Reconhecer e abordar a dura realidade da desigualdade é
essencial para lidar com as pandemias atuais e futuras. Os quenianos farão
progresso quando todos os cidadãos forem valorizados, seus direitos humanos
forem respeitados e quando todos tiverem uma chance de melhorar os padrões de
vida como base do desenvolvimento e do crescimento econômico. O não tratamento
das desigualdades significa que a dignidade humana permanece vulnerável a
injustiças sociais, pandemias, revoltas políticas e econômicas. As políticas
pós-Covid-19 devem ter como objetivo transferir recursos para os pobres, garantindo
que os segmentos mais pobres da população sejam capazes de superar suas
desvantagens.

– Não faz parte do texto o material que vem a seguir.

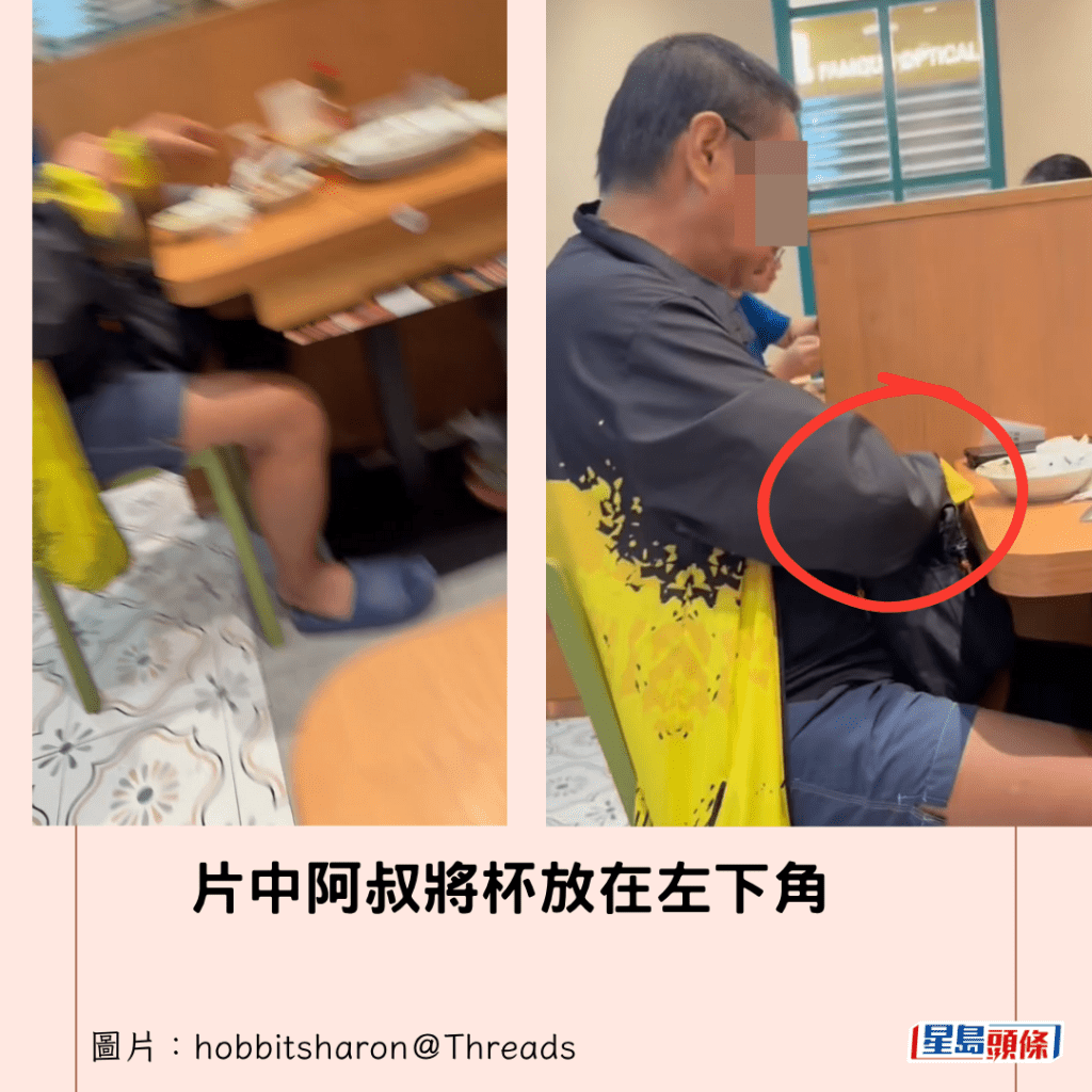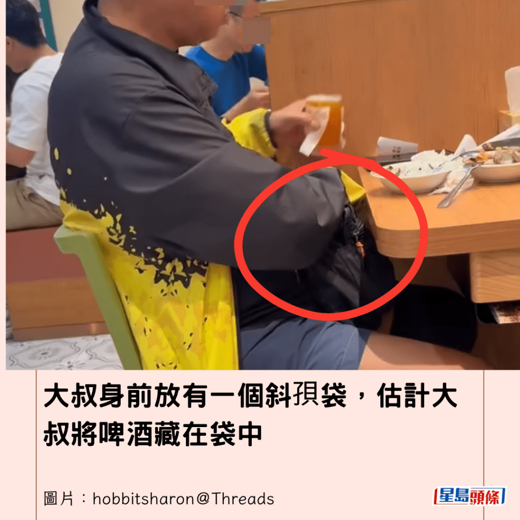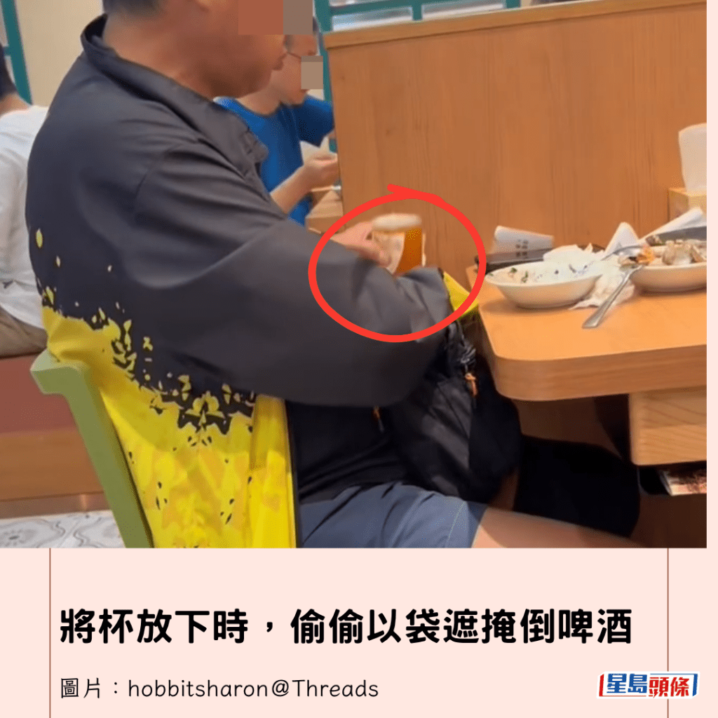 大叔身前放有一個斜孭袋,估計大叔將啤酒藏在袋中,將杯放下時,偷偷以袋遮掩倒啤酒,大叔與一名女士同枱,該女士坐在對面,影片見女士面對此情況「零反應」,未有任何反應。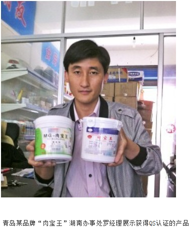 記者隨意走進10棟的一家食用化工商行。該商行的進門處,放著多箱標注產地為青島的“肉寶王”。記者從貨架上拿起一桶正要查看,老板蔡先生循聲從里面走出來,警惕地問:“你是做什么的?”記者表明了身份,表示希望坦誠交流,蔡先生這才放松緊張情緒。“你不曉得,這兩天來我店子里暗訪的記者不止一位,所以我一看你走進來,就猜你可能也是記者。”蔡先生說。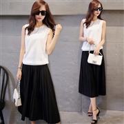 純色無袖背心上衣百褶裙褲兩件套裝 [套裝] #1-...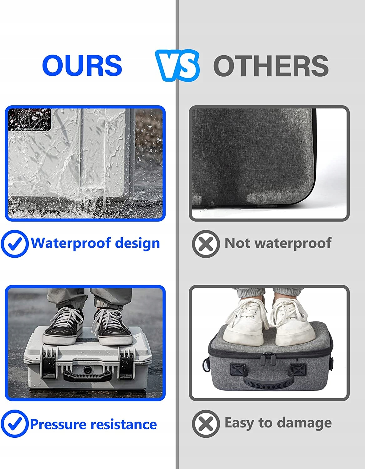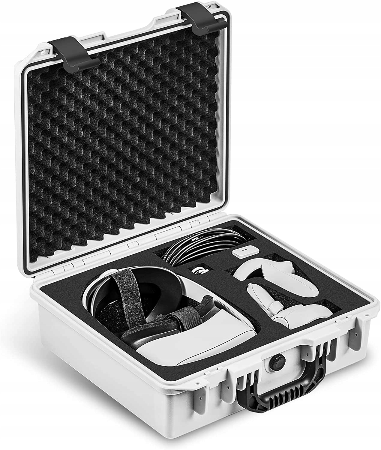 【Надійний захист】Водо- та пилонепроникний за стандартом IP67. Дві засувки надійно закривають корпус за допомогою стискаючої сили. Ідеальний захист гарнітури Meta Quest 2 VR і аксесуарів від подряпин, ударів і бризок. Зберігайте гарнітуру Meta Quest 2 VR та інші аксесуари в безпеці під час подорожі чи транспортування, незалежно від погодних умов або місця, де ви йдете.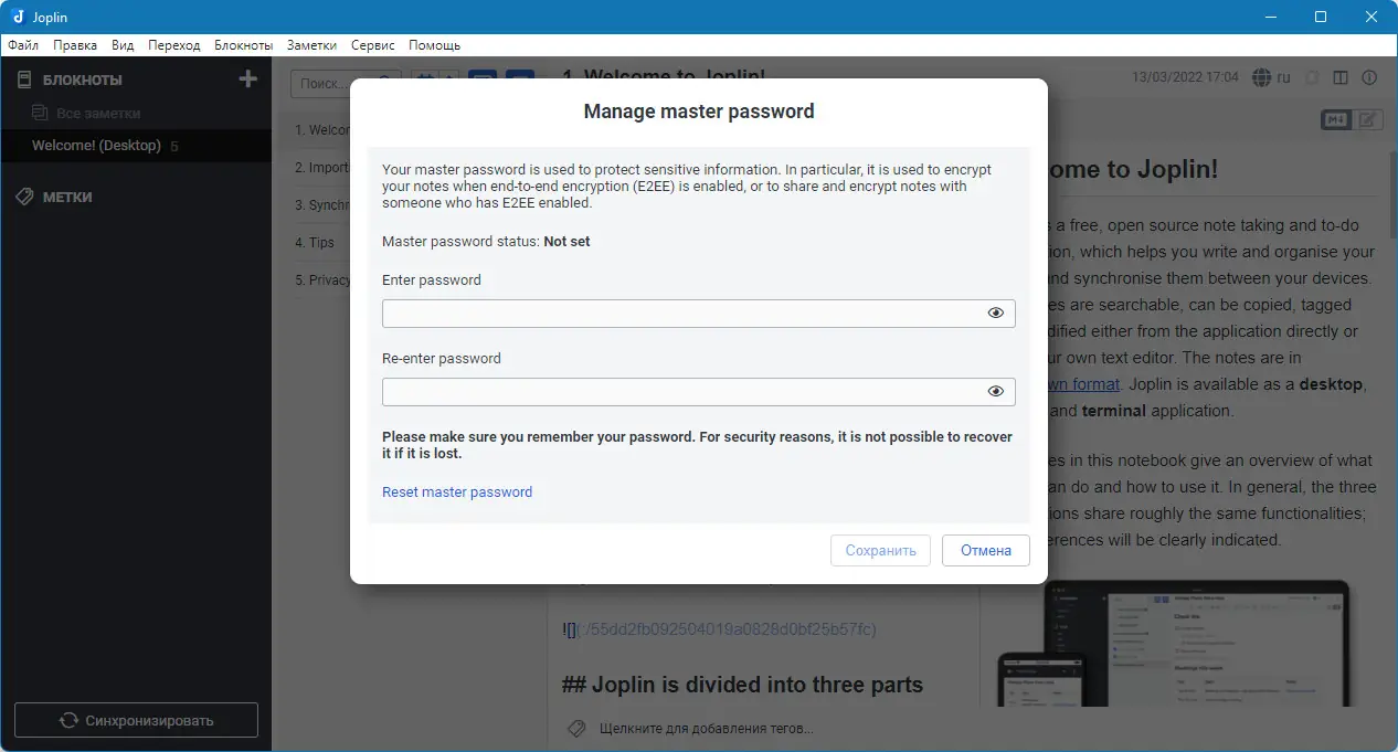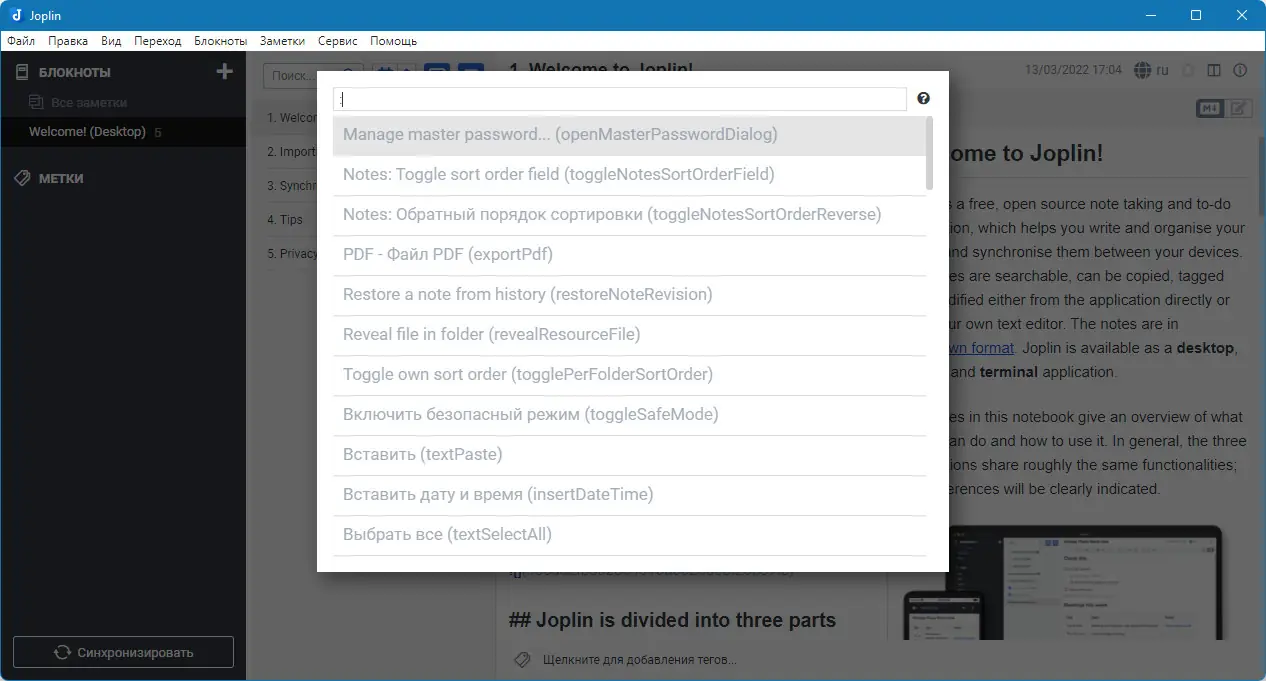 Работа с Joplin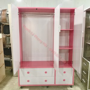 Mô tả: Tủ quần áo nhựa 3 cánh có phần tay cầm hình gấu độc đáo, màu trắng hồng dễ thương. Phía dưới là 6 hộc tủ rộng rãi, có thiết kế thanh treo đồ tiện dụng. Phù hợp với những cô gái yêu thích sự mộng mơ, ngọt ngào.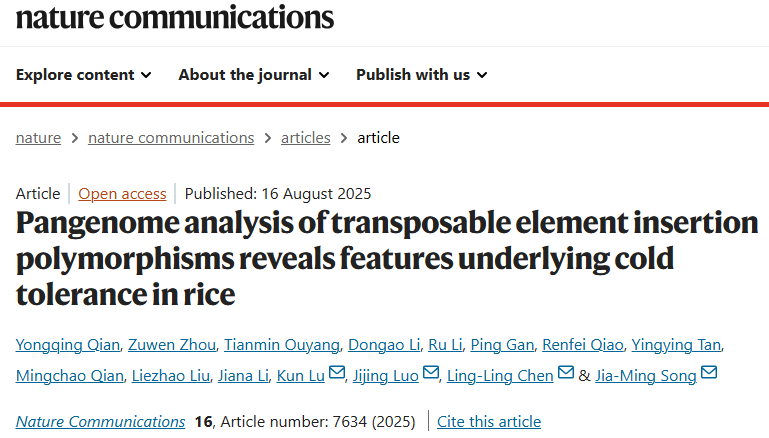 联合广西大学、崖州湾国家实验室在Nature Communications发表题为“Pangenome analysis of transposable element insertion polymorphisms reveals features underlying cold tolerance in rice”的研究论文,创新性提出基于图形泛基因组的 TIPs-GWAS(转座子插入多态性全基因组关联分析)策略,为作物适应性性状遗传解析提供新方案。研究聚焦于植物基因组中广泛存在的转座子插入多态性,通过构建图形泛基因组并结合多组学数据,系统揭示了转座子在冷胁迫响应调控中的关键作用,尤其在基因表达调控和表观遗传重塑方面的影响。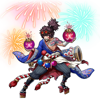 - 大の派手好きにして、誰もが認めるお祭り男。 騒ぎだ祭りだと聞きつければ、お手製の花火を携えて駆けつける。 「まあ、こまけぇことはいいんだよ。ド派手にでっかい花火が上がれば、最高の気分だろうよ!」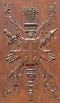 Sur les côtés de ce groupe sculpté, dans la partie supérieure des pilastres qui soutiennent le balcon, on aperçoit l'écusson du serment des Archers avec ses cinq croix d'inégale grandeur[3].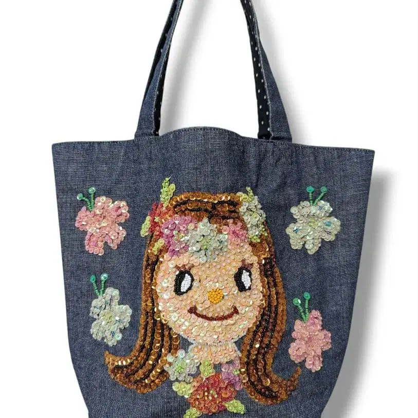 ◯ Curly Collection 데님 토트백 스팽글 비즈 ◯ 사이즈 (cm) 세로 27 x 가로 35 바닥 15cm 숄더 가능합니다. 약간의 오차는 양해 부탁드립니다. 내부 포켓 1곳 ◯ 눈에 띄는 흠집/얼룩 없음 눈에 띄는 흠집이나 얼룩은 없지만, 손잡이에 약간 색바램이 있습니다. 사진을 확인하신 후 구매 부탁드립니다. 그 외, 스팽글이나 비즈에 깨진 곳 없이 깨끗합니다. ◯ 익명 배송 컴팩트하게 접어 24시간 이내에 발송합니다 (*^^*)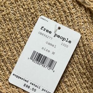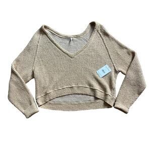 Free People Women's High Low V-Neck Cropped Sweater Camel Size Medium NWT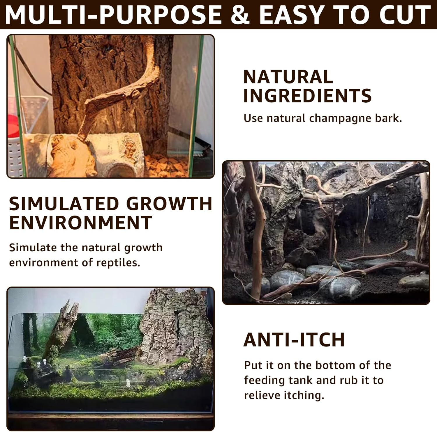 - EASY CUSTOMIZATION: Our reptile cork bark is easy to use. It can be easily cut to any desired size, allowing you to customize it to your specific tank requirements. This flexibility ensures that it fits perfectly into different crawler tanks and enhances the overall aesthetic appeal of the glass aquarium.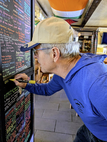Open-air swimmer Eric Durban signs another pub wall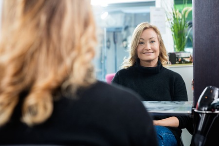 Sensual low key boudoir portrait of seductive female gazing on her mirror reflection as she ruffling hair. Human emotion or fashion concept image.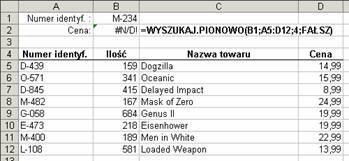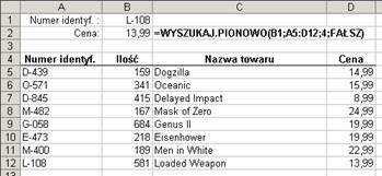 Rysunek 5.64. Przykład zastosowania funkcji WYSZUKAJ.PIONOWO. Po wprowadzeniu wybranej wartości liczbowej w komórce B1, formuła umieszczona w komórce B2 stara się odszukać tą wartość w pierwszej kolumnie tabeli odniesienia (A5:D12). Jeżeli wartość zostanie odnaleziona, to zwracana jest wartość leżąca w czwartej kolumnie wiersza zawierającego odszukaną wartość. Formuła użyta w komórce B2 została przedstawiona w komórce C2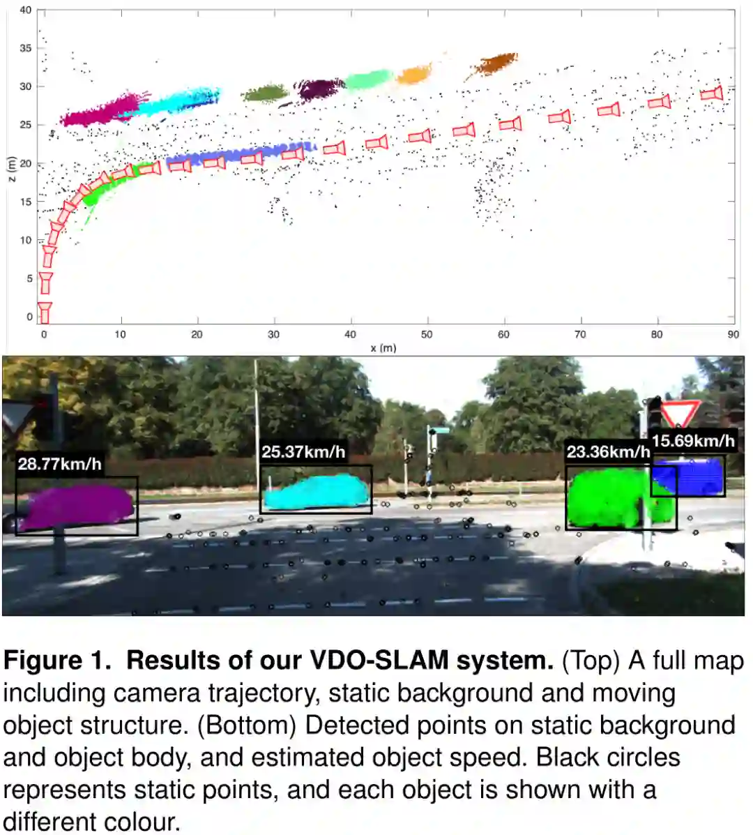 图1。VDO-SLAM系统的结果。(上图)一个完整的地图,包括相机轨迹,静态背景和移动目标的结构。(下图)静态背景上(运动)目标检测得到的点,以及被估计的目标(移动)速度。黑色的圆圈代表静态点,每个目标都用不同的颜色显示。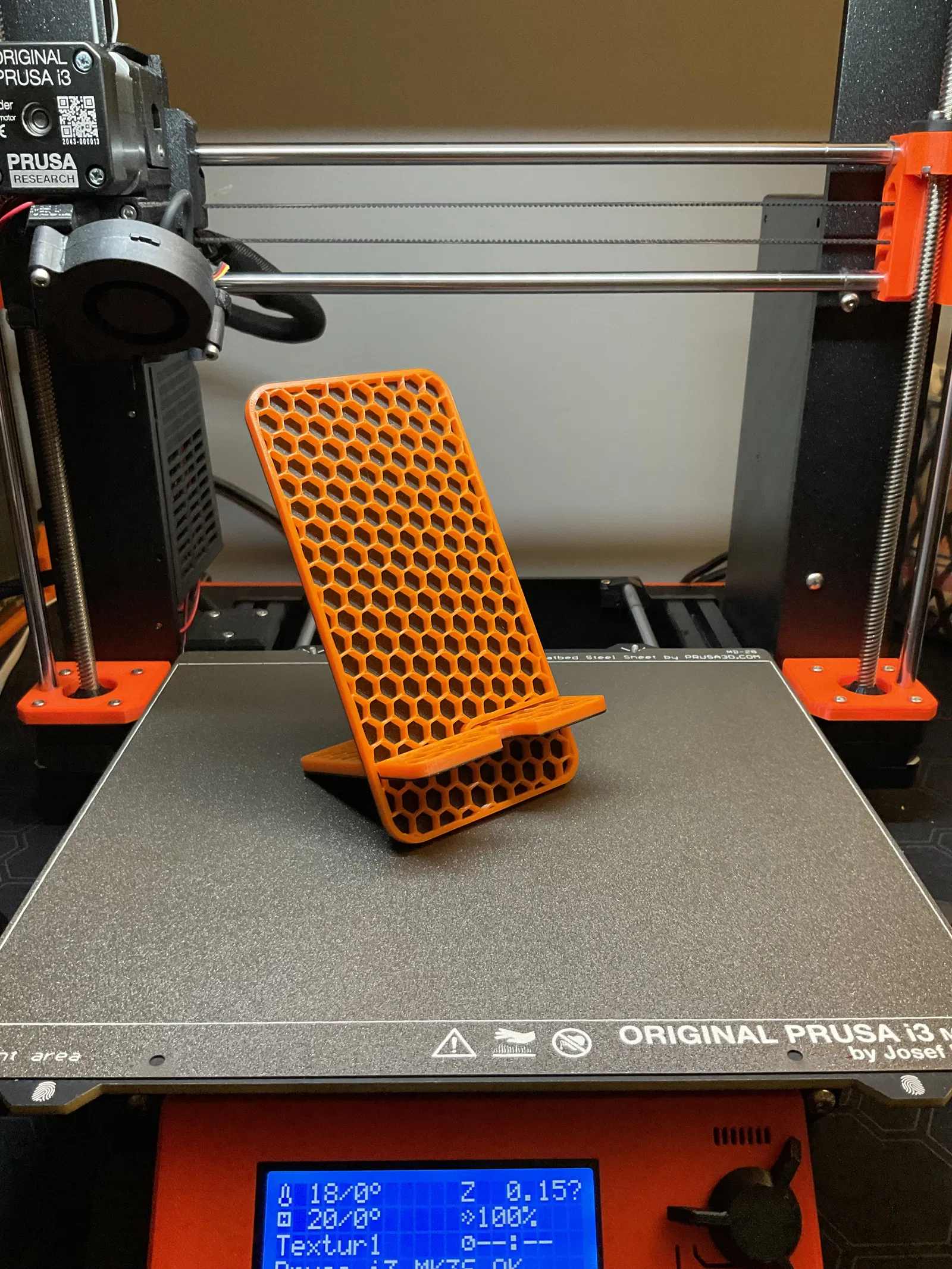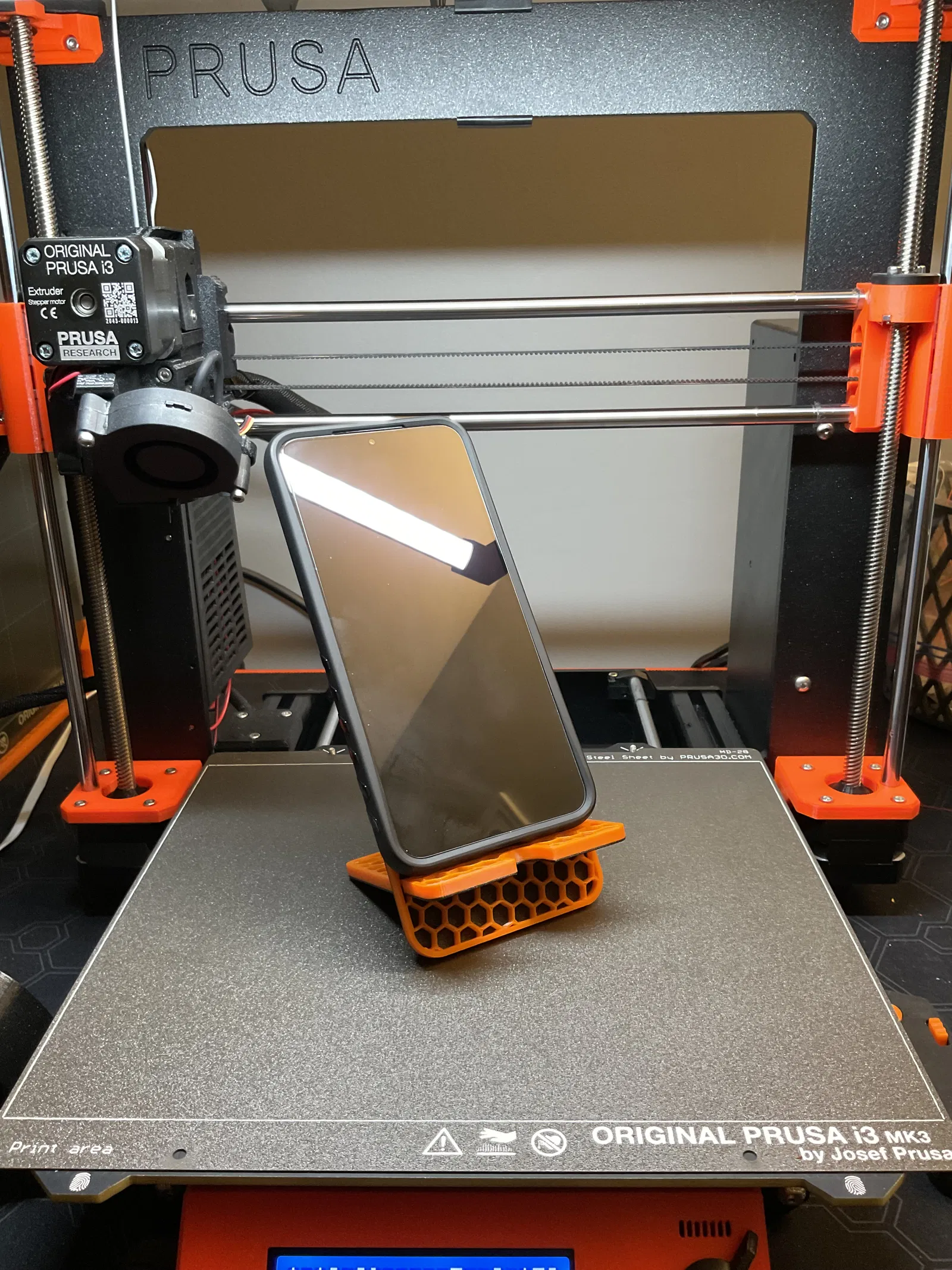 Mẫu chân đế giữ điện thoại đơn giản, dễ in. Bạn có thể in bằng PETG hoặc PLA. Thử nghiệm các loại ruột khác nhau và tùy chỉnh màu sắc để tạo điểm nhấn độc đáo cho sản phẩm của mình. Mẫu này rất hợp để khoe phần ruột bên trong với cấu trúc tổ ong ấn tượng.

Portanto, os principais meios para superar a desigualdade estão
nas instituições estatais que operam no interesse do público em geral e com
todos nós no Ubuntu humanitário, não apenas durante a crise, mas em todos os
momentos.
Referências:
- 1- James Midgley, Proteção social e justiça social, Edward Elgar Cheltenham, 2020 página 13.
- 2- Franciscans International, Fazendo funcionar os direitos das pessoas que vivem em extrema pobreza. https://franciscansinternational.org/handbook/ acessado em 15 de maio de 2020.
- 3- Magesa L. “Uma visão alternativa sobre a pandemia do COVID-19” no primeiro de maio de 2020, https://catholicethics.com/resources/publications-by-topic/, acessado em 15 de maio de 2020.
- 4- Stephanie Nebehay, do FMI, vê a desaceleração global induzida por coronavírus "muito pior" do que a crise financeira de 2008, https://www.theglobeandmail.com/business/international-business/article-imf-sees-coronavirus-induced-global-downturn-way -worse-than-200 / acessado em 19 de maio
- 5- Ibid
- 6- Ibid
- 7- John Mbiti, religiões africanas e filosofia. Heinemann, Oxford, 1990.
- 8- Christian Gade, Um discurso sobre filosofia africana, Lexington Books-London, 1992, Página 13.